High Tunnels, Lowering Barriers

An iSEE seed-funded research project that uses robotics and artificial intelligence to autonomously manage “high tunnel” food production is entering its second year at the University of Illinois Sustainable Student Farm.

U. of I.’s Robot Integrated High Tunnels (RobInHighTs) team received a $975,000 USDA NIFA (National Institute of Food and Agriculture) grant in 2023 in addition to an iSEE Campus as a Living Lab (CALL) seed funding that same year.

A RobInHighTs robot uses its camera (orange attachment on left side) to look for signs of pest damage on tomato plants at the Sustainable Student Farm.

High tunnels are metal frames covered in a heavy plastic often used in urban agriculture. Their main benefit is expanding the season that crops can be grown: they can be planted earlier in the spring and harvested later in the fall. In climates like the Midwest, where our ability to grow fresh produce year-round is hindered by the cold weather, this promises to be a huge advantage for local farmers. Additionally, high tunnels often increase crop yields by protecting the plants from severe weather and animals.

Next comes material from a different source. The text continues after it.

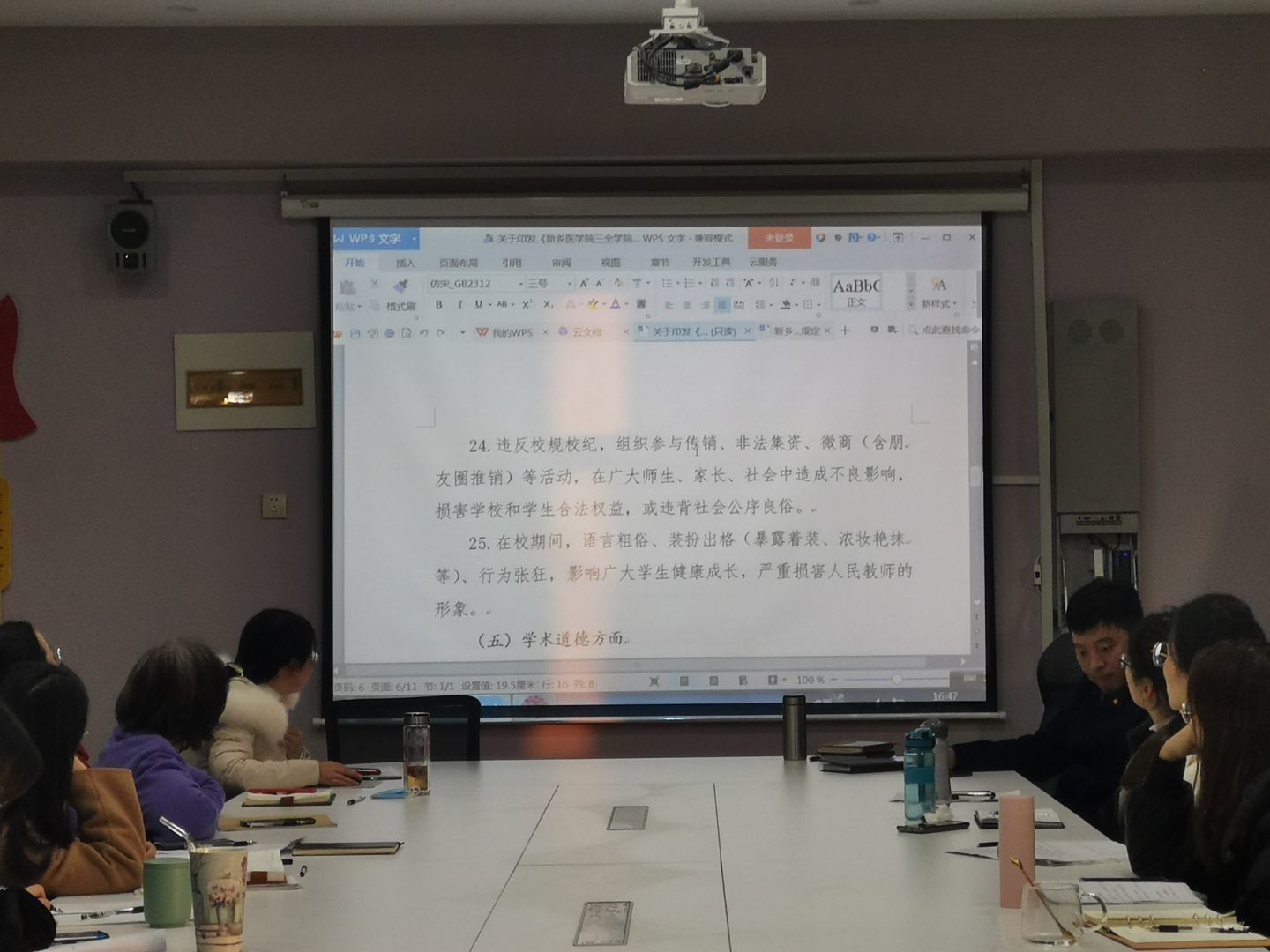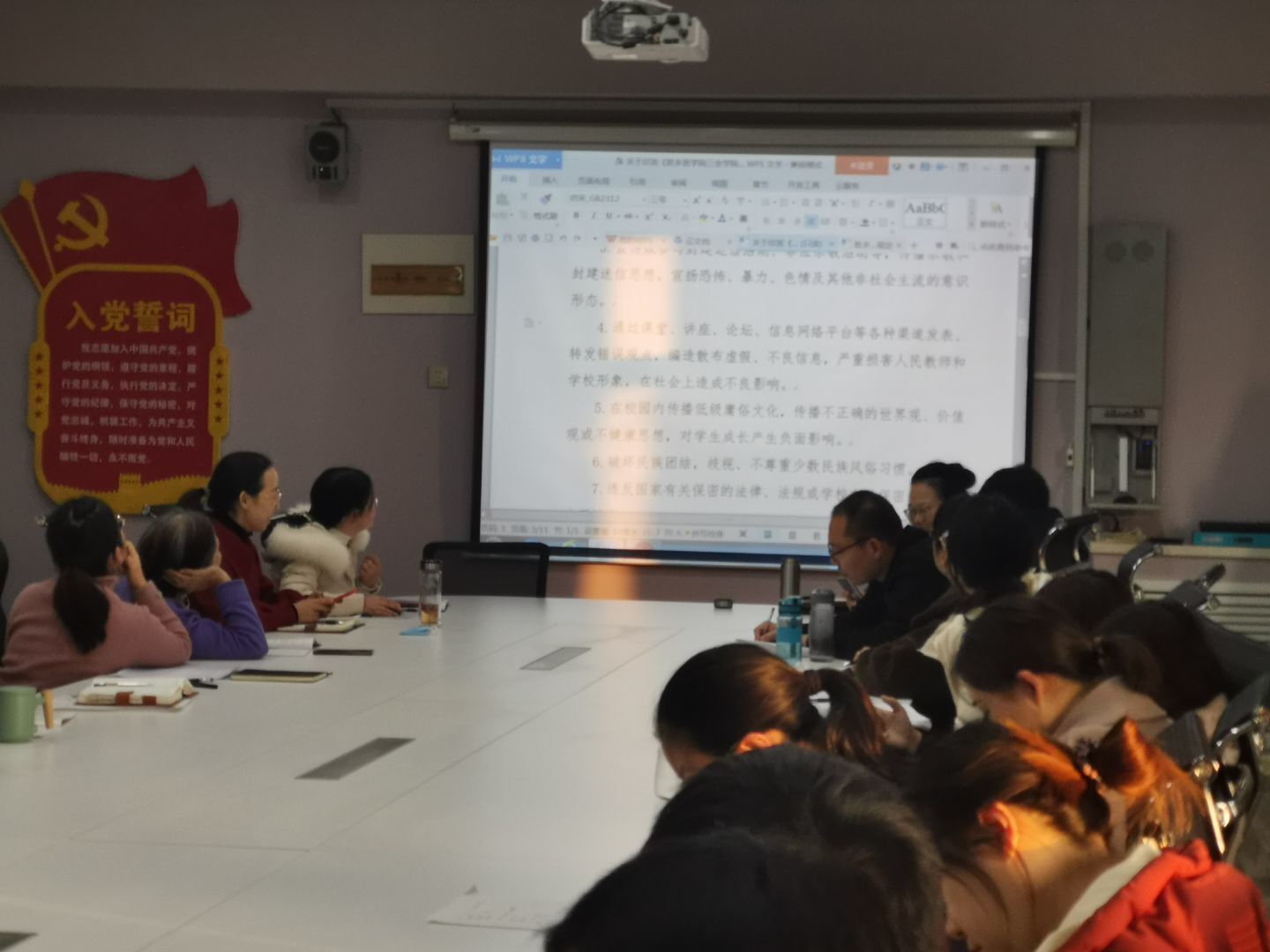 2021年12月9日,护理学院全体教职工在院系楼四楼会议室召开会议,学习保密工作相关规定、开展师德师风教育。
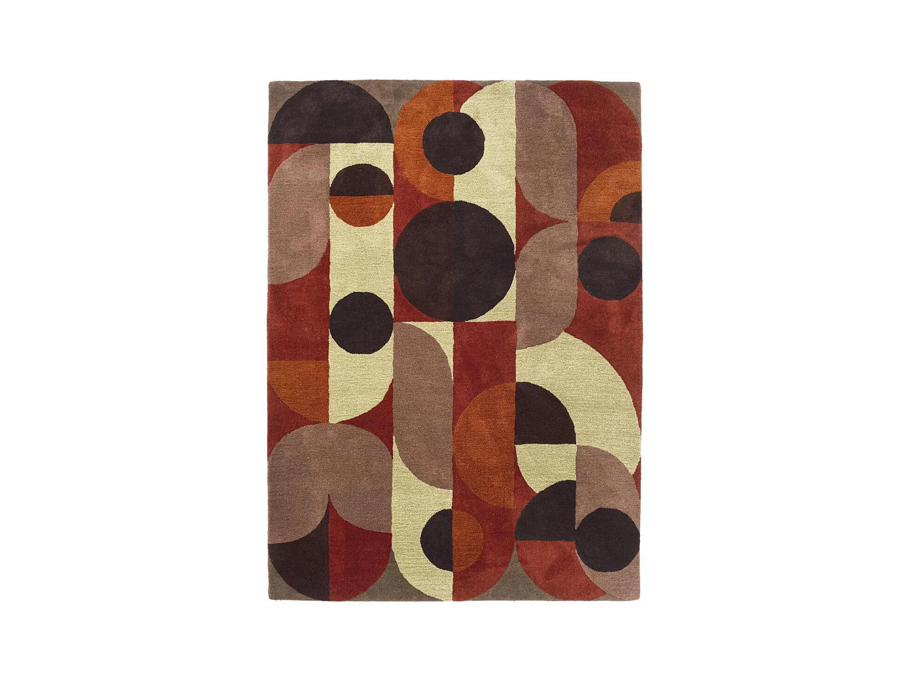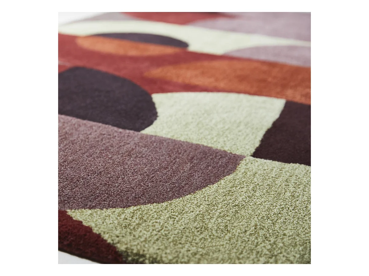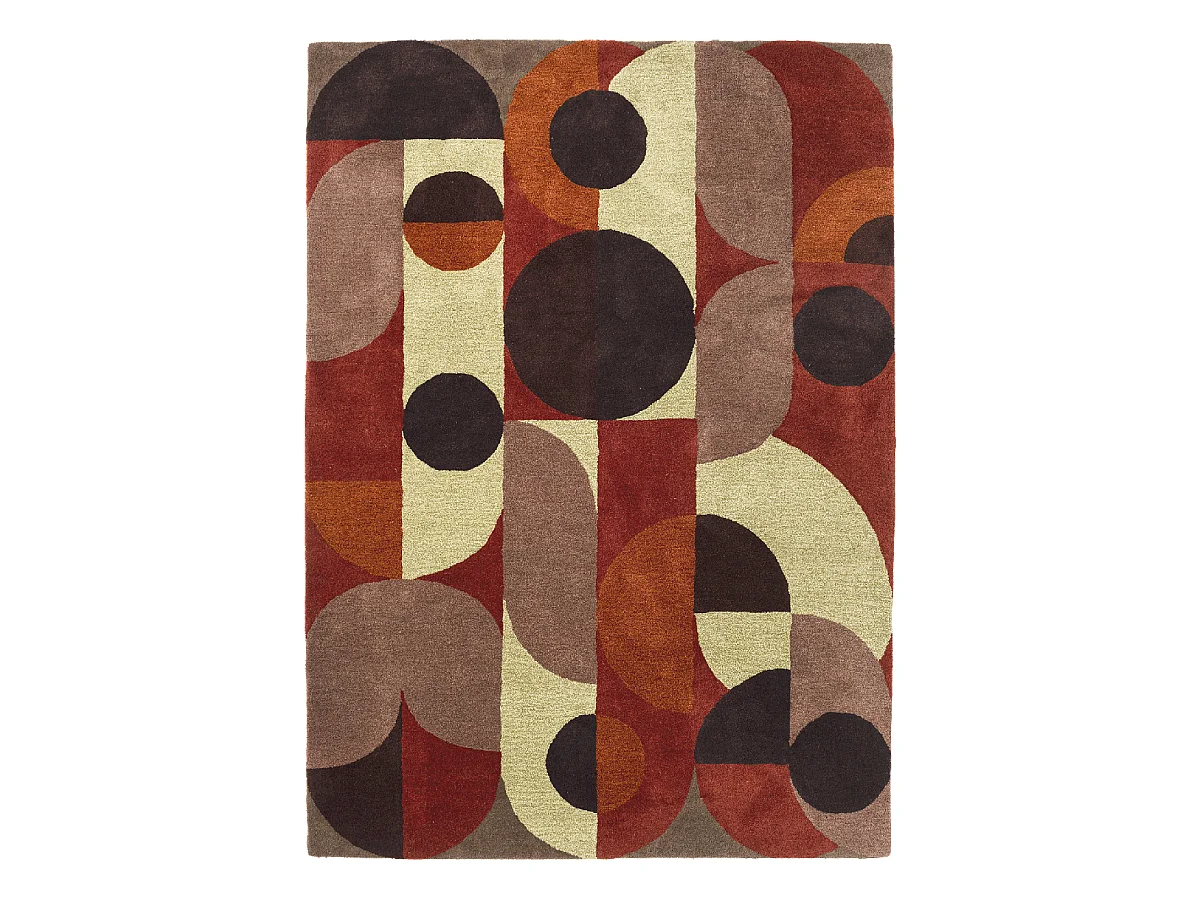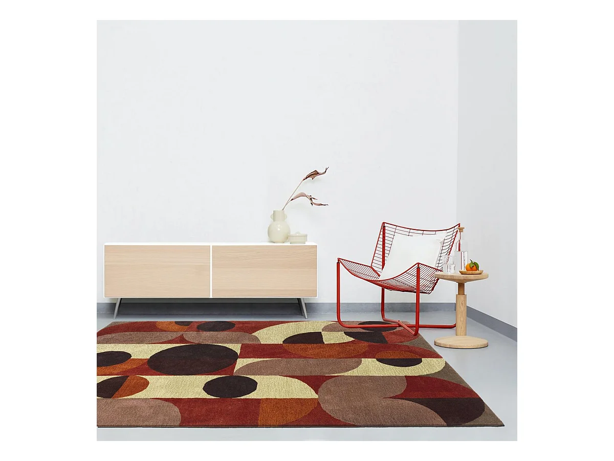 tapis open space 200x280 fait à la main en laine rouge et orange motif seventies

“We have seen a lot of interest from local farmers and community gardens to invest in high tunnels to grow specialty crops, but there are a few barriers to entry, like the initial cost of the tunnel and the amount of labor required to maintain the produce while it’s growing,” said Naveen Uppalapati, RobInHighTs’ primary investigator and a research scientist at the Center for Digital Agriculture within the National Center for Supercomputing Applications.

The hope is that RobInHighTs will reduce the amount of labor required, helping local farmers overcome one of those barriers.

The first challenge for the team was ensuring the robots could autonomously navigate between rows of crops. That technology already existed for corn and soybean fields but needed to be adapted for the smaller rows in high tunnels.

Using cameras, the robots monitor parts of the plant looking for signs of pest damage and indications that the plant is ready for harvest.

“Currently, we’re working on detecting pests and making sure that the robot can communicate which plants in the tunnel have signs of pest damage,” Uppalapati said. “That way, the farmer can treat only the plants that need it rather than the whole tunnel, reducing the amount of pesticide used.”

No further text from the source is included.